And I'll be honest, although the writing is on the wall, I really don't want that to happen. I like BBS-style forums! But I refuse to subject myself to the dark-pattern morass that is modern social media design.
Moderating some subreddits I feel like I often have to stick with the new reddit design just to use everything properly and it gets annoying having to flip flop back and forth.
My kingdom for more simple text-only craigslist style websites.
Not that that's a defining feature of social media (at least it shouldn't be).
But I would say that traditional forums and ones like this and Slashdot fall within this (somewhat arbitrary) definition:
> Websites and applications that enable users to create and share content or to participate in social networking.
The most efficient way is to infuriate people. Hence the business model of these companies is to have people outraged and infuriated.
This is a similar strategy to using the media spread fear so people consume more. Simply said someone who's happy, live a fulfilling life free of worry does not feel the urge to buy and consume.
persistent identity and status, that is to say the 'social' part. A lot of damage of social networks arguably is rooted in the competition for status and attention that you get when you get twitter likes and people complementing you, and the horror when you end up in a shitstorm and your reputation is suddenly ruined. It's also what makes it addictive.
Most people on HN just seem to post more or less anonymously. The upvote or downvote mechanisms aren't even particularly visible.
The worst thing you get here is 4 downvotes and a heated discussion. This is not like twitter where your career and face is on the line.
Most forums were based around a hobby or a particular subject, and communities formed around that. Sure, you'd have arguments, or someone stepping out of line, easily solved by a moderator. Sometimes moderators got to powerful and people left and joined another or did something else.
Most of my forum days were based on PC building or video games. Most of them had a bunch of boards with varying topics - and possibly a politics one. You could always separate it out easily because it wasn't visible by default.
Social media today everything is visible by default without anonymity. There is no effective way to filter content - only people, or profiles.
I really doubt this. The mask of anonymity completely removes accountability on forums. Pseudonomity is a better approach, along with moderation, and ultimately, a community committed to civil discourse. But the quality of commentary on any forum is a fragile balance, as the evolution of HN has demonstrated.
Accountable to whom? What accountability? Why was this necessary? Accountability wasn't necessary, as most forums were never big enough to really matter. Facebook, Reddit, Twitter are now forces of nature, especially in politics and matters of public opinion.
> Pseudonomity
This has varying degrees of anonymity - you need to further express what you mean by this, because on its own you could support anonymity through pseudonyms.
> and ultimately, a community committed to civil discourse. But the quality of commentary on any forum is a fragile balance, as the evolution of HN has demonstrated.
Yep, something much easier to do on the old forums of yesteryear - they were much smaller, much easier to moderate, and much easier to remediate if they were unfairly moderated.
Accountable to the community represented by the forum itself.
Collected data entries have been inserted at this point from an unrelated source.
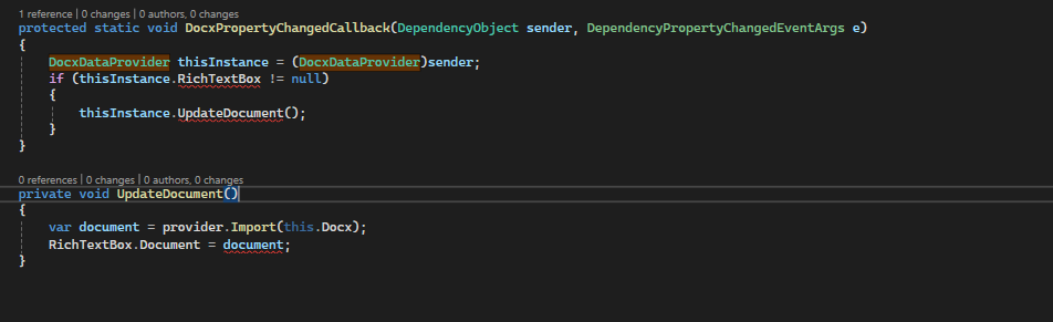 Error CS1061 'DocxDataProvider' does not contain a definition for 'RichTextBox' and no accessible extension method 'RichTextBox' accepting a first argument of type 'DocxDataProvider' could be found (are you missing a using directive or an assembly reference?)
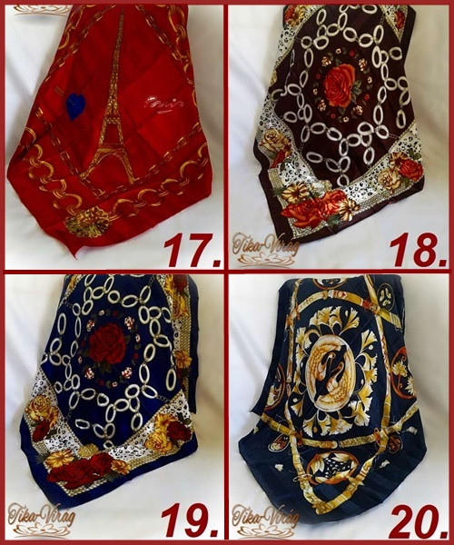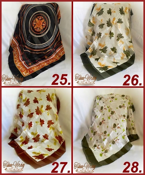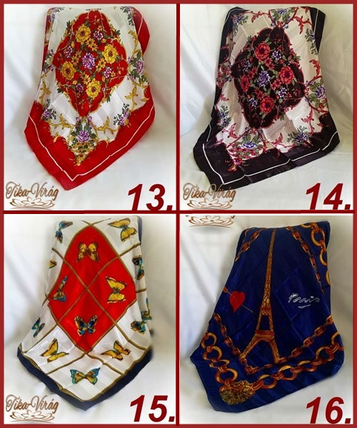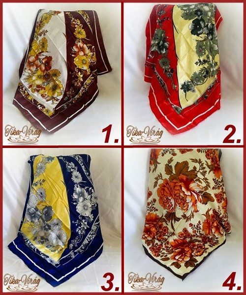 Selyemkendő 90x90cm-es mintás 164532. Fontos!! Rendeléskor a neked tetsző kendő képén található számot írd meg a megjegyzésbe, hogy tudjam milyen színű kendőt kérsz!
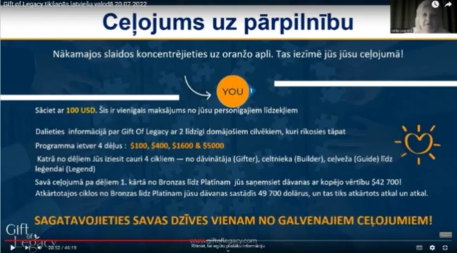 YouTube platformā izplatīts aicinājums iesaistīties piramīdveida shēmā "Gift of Legacy", solot līdz pat 42 700 dolāru lielu peļņu, sākotnēji investējot (dāvinot) 100 dolārus.
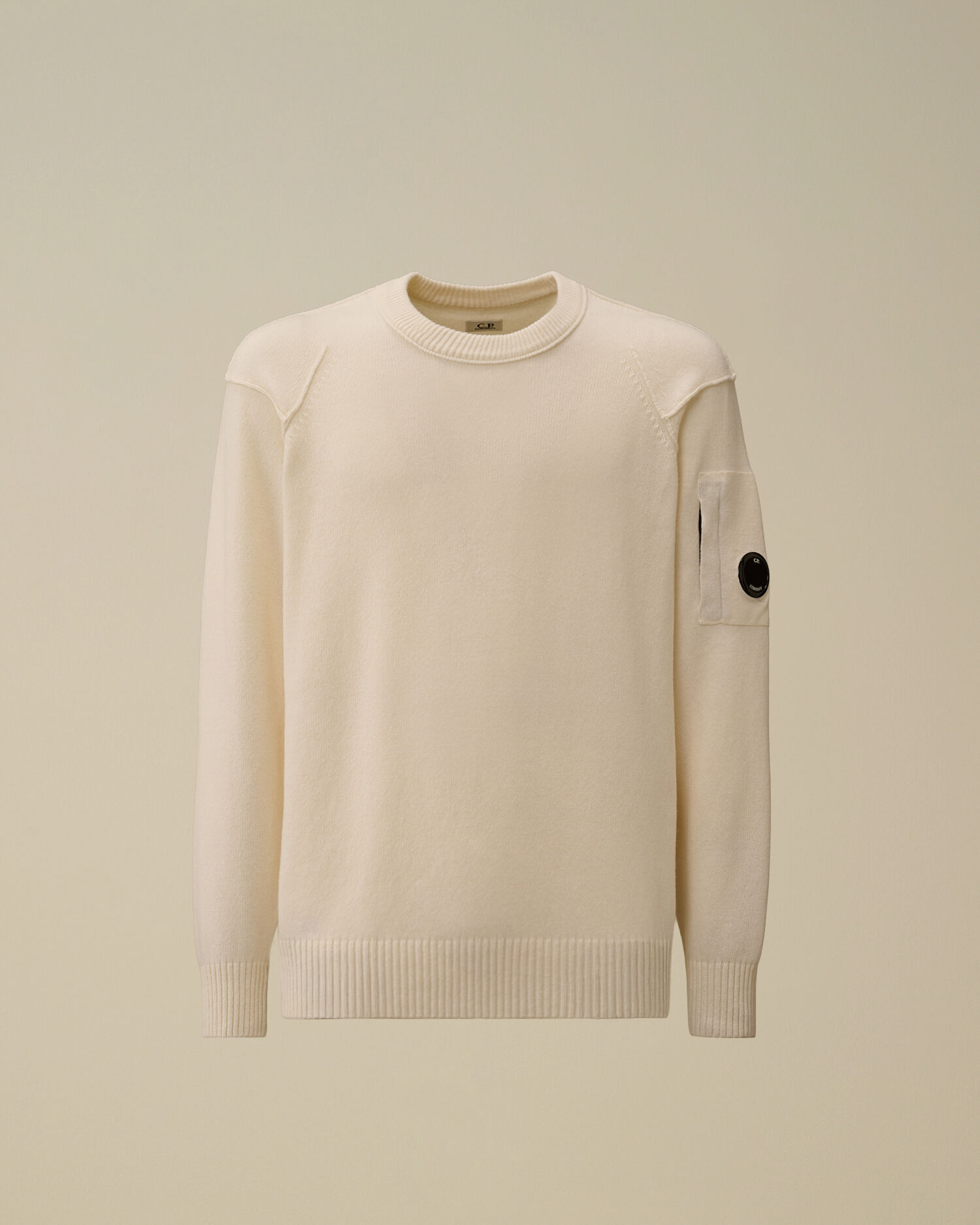 Crewneck sweater crafted in Lambswool GRS. The Global Recycled Standard certifies the use of products in conformity with environmental and social criteria extended to all stages of the production chain. The knit features C.P. Company’s iconic Lens, contrast stitching and ribbed cuffs and hem. Gauge 7. Regular fit. - Ribbed crewneck - Lens detail - Contrast stitching - Ribbed cuffs and hem - 7 Gauge knit - Regular fit CARE & COMPOSITION Care - Hand wash - Do not bleach - Do not tumble dry - Ironing maximum temperature 110°C - without steam - Dry cleaning in tetrachloroethene - mild process - Flat drip dry in the shade - Remove detachable accessories before washing - Dry inside out Composition - External fabric: 80% Wool, 20% Polyamide / Nylon SIZE & FITTING - Fits true to size, take your normal size - Model is 186 cm-6' 1" / 98-103 cm chest and is wearing a size L PRODUCT PASSPORT PRODUCT - Weaving: Italy - Dyeing: Italy - Confection: Moldova - Product contains at least 50% of recycled material PACKAGING - Minimum percentage of recycled materials 70%
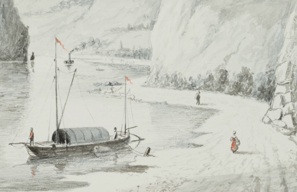 - Beschreibung: Schönes Landschaftsbild mit Blick über einen breiten Strom, der sich durch ein steiles Tal schlängelt. Die Darstellung besticht durch ihre reduzierte Farbigkeit in Grautönen mit einzelnen roten Akzenten. Das Werk stammt aus dem Skizzenbuch eines unbekannten französischen Künstlers, der Mitte des 19. Jahrhunderts in den Niederlanden, Belgien, Norddeutschland und der Rheingegend unterwegs war und insbesondere holländische, flämische und norddeutsche Landschaften festgehalten hat. Dabei zeigt er den Alltag der Bewohner an den großen und kleinen Flüssen sowie Einblicke in Stadtlandschaften der Nordsee-Region.
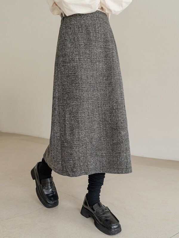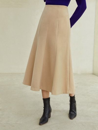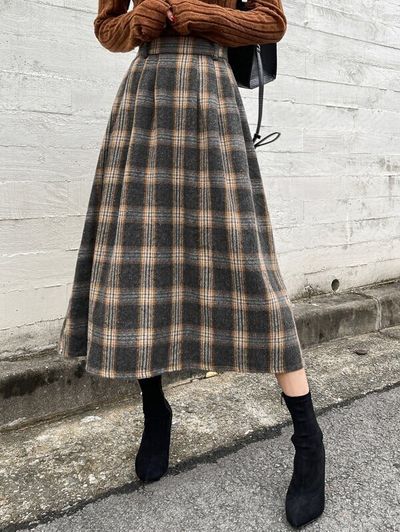 どんなトップスにも合わせやすいカラーのスカート。上質な生地で高見え間違いなしの一着です。口コミによると、ウエストは大きめに作られているよう。とても暖かそうな生地ですね。
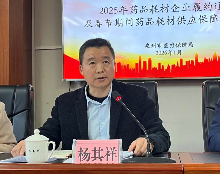 1月28日,市医保局召开2025年度药品耗材企业履约通报暨2026年春节期间药品耗材供应保障协调会。市医保局四级调研员杨其祥主持会议并讲话,局价采科、市医保中心相关人员以及泉州片区药品耗材配送企业代表参加会议。
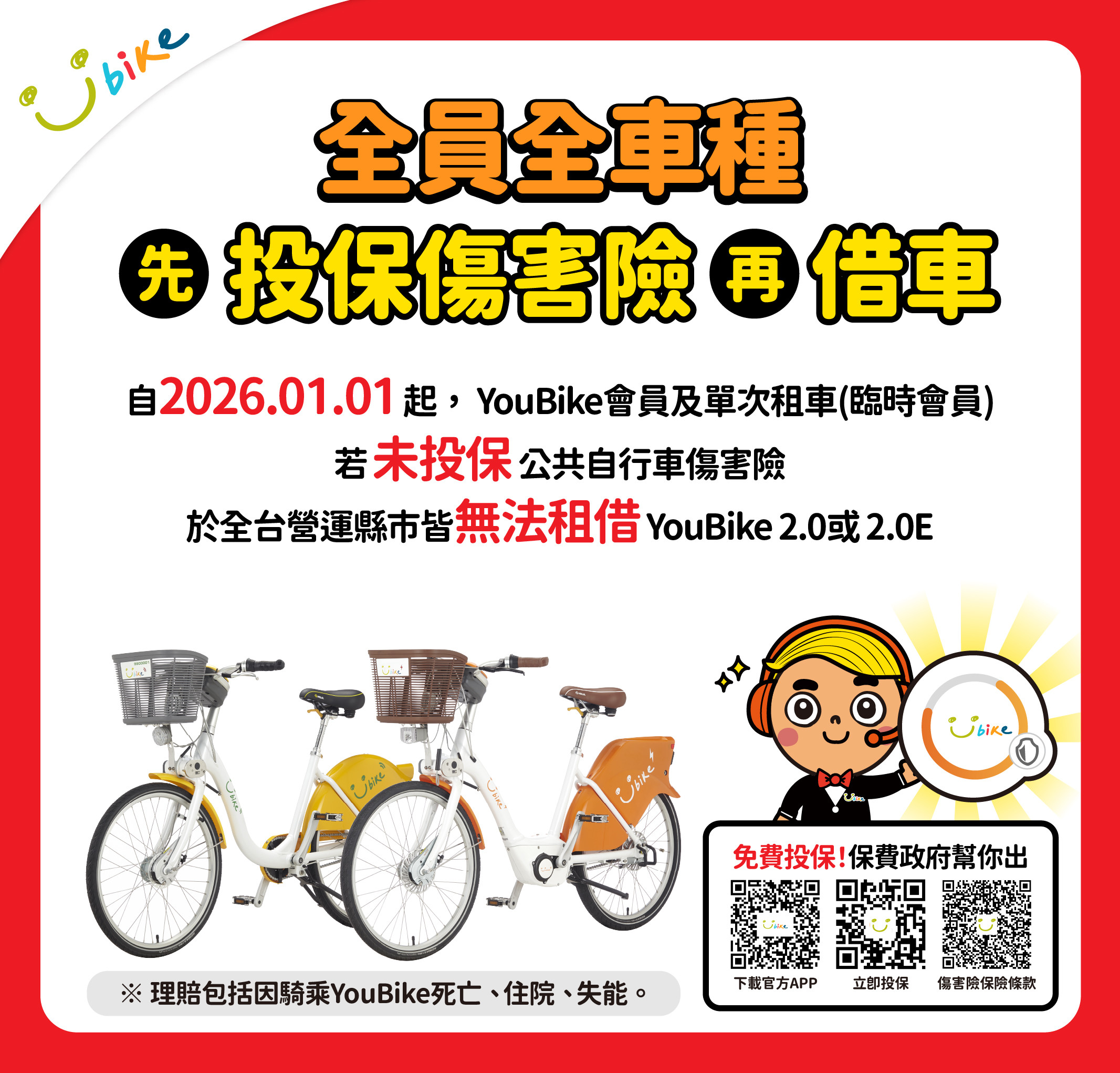 2026/01/01(四)起,YouBike會員及單次租車(臨時會員) 若未投保免費的公共自行車傷害險,於全台營運縣市皆無法租借YouBike 2.0&2.0E,提醒您,請盡速透過官網或官方APP登入會員免費投保。
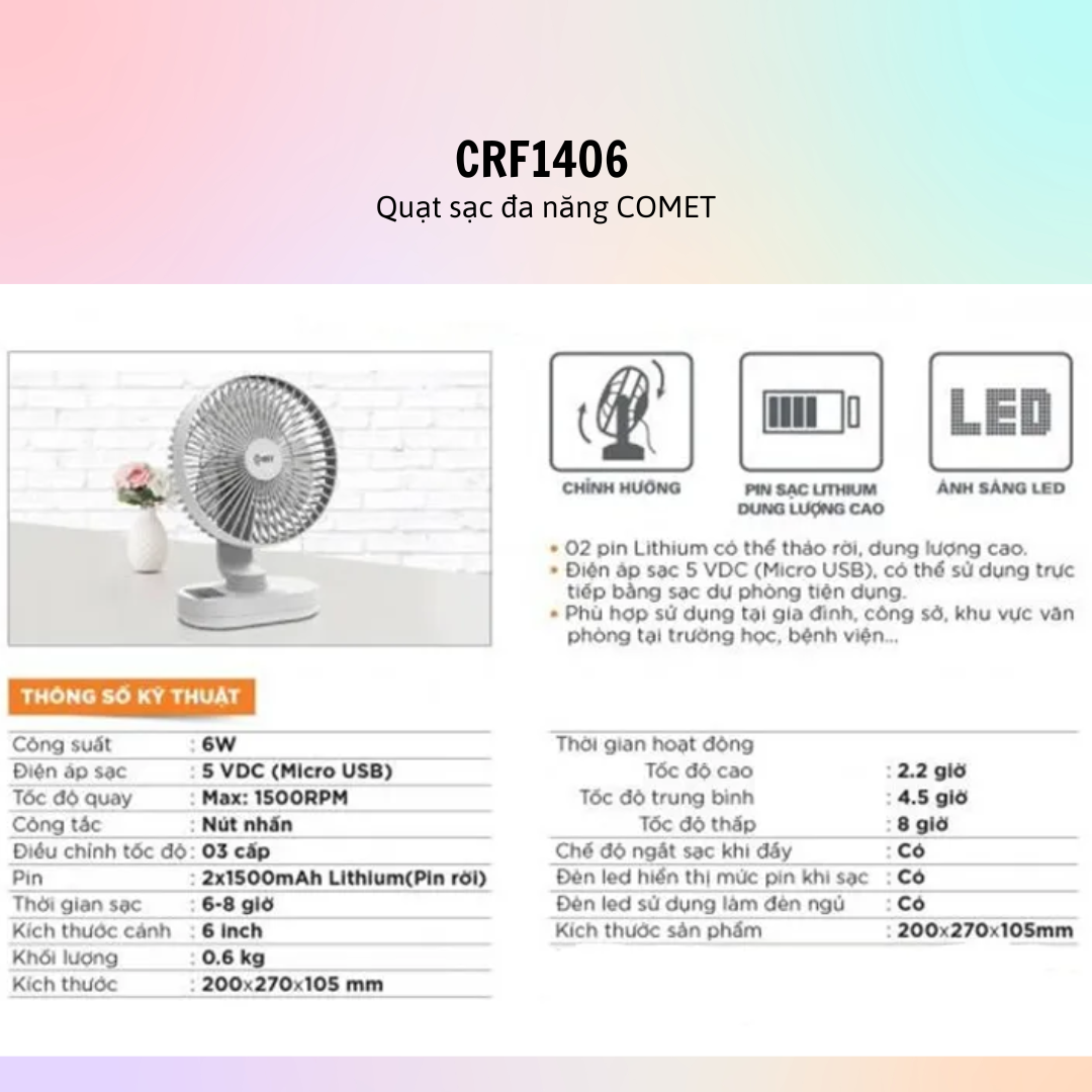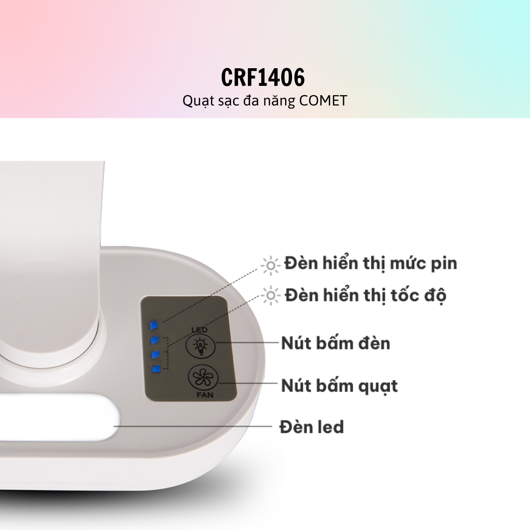 Quạt tích điện mini đa năng kết hợp đèn led CÓ THỂ CẮM TRỰC TIẾP SẠC DỰ PHÒNG Comet CRF1406
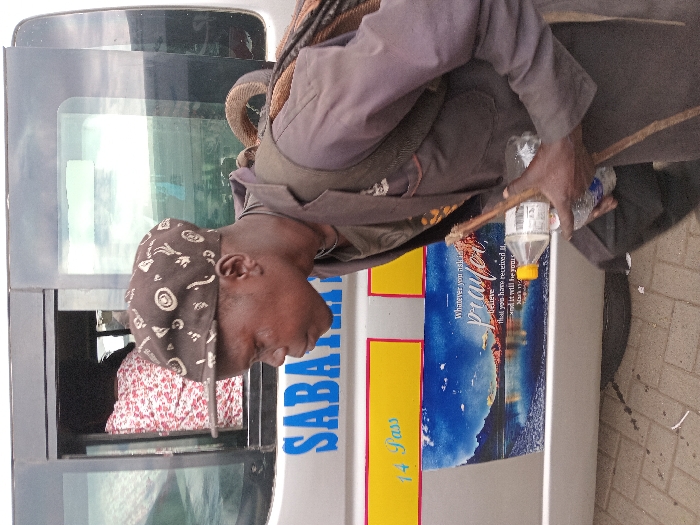 This image depicts an individual standing next to a passenger vehicle in the City of London ward, Kenya. The subject is an adult male, shown in right profile, wearing a dark brown cap with light circular and wavy patterns, a dark grey or brown long-sleeved jacket, and dark trousers. A large, coiled bundle of brown material, resembling rope or hose, is carried on his back, secured by straps. In his right hand, he holds two clear plastic bottles, one appearing partially full, and a slender light-brown wooden stick or tool. The individual is positioned alongside the left side of a silver-colored minibus or matatu. The vehicle's side features the partial word "SABAL..." in large blue capital letters. Below the windows, a yellow rectangular strip displays "14 Pass" in dark script. Further down, a prominent sticker shows a serene landscape with a lake and mountains, overlaid with the religious text: "Whatever you ask in prayer believe that you have received it, and it will be yours. Mark 11:24". Through a partially open window in the upper left of the vehicle, a person wearing a white and red patterned fabric is visible inside. The ground beneath the subject is a paved surface, consisting of interlocking blocks, with some scattered small debris. The scene is illuminated by natural daylight.

Participants in a forum need to have some kind of skin in the game, even if it's based on their pseudonymous identity, which brings us to ...
> Pseudonomity > This has varying degrees of anonymity
By this I mean a consistent identity that has a history, credibility deriving from a track record of adhering to the community standards. It doesn't have to reference your legal identity, but things like the HN "throwaway" drive-by accounts are a problem, IMO, except in rare cases where the individual would take a great personal risk by speaking out even as their pseudonymous identity. But in that case, the bar of evidence for assertions should be very high.
That's pseudonymity, is it not? Otherwise why the quotes around "know"?
There is a difference if you use it to discuss your interests with like minded individuals or if you broadcast to an audience. I think this is why social media mostly works in small groups or why many people on facebook still find groups with limited topics useful even if they hate the rest.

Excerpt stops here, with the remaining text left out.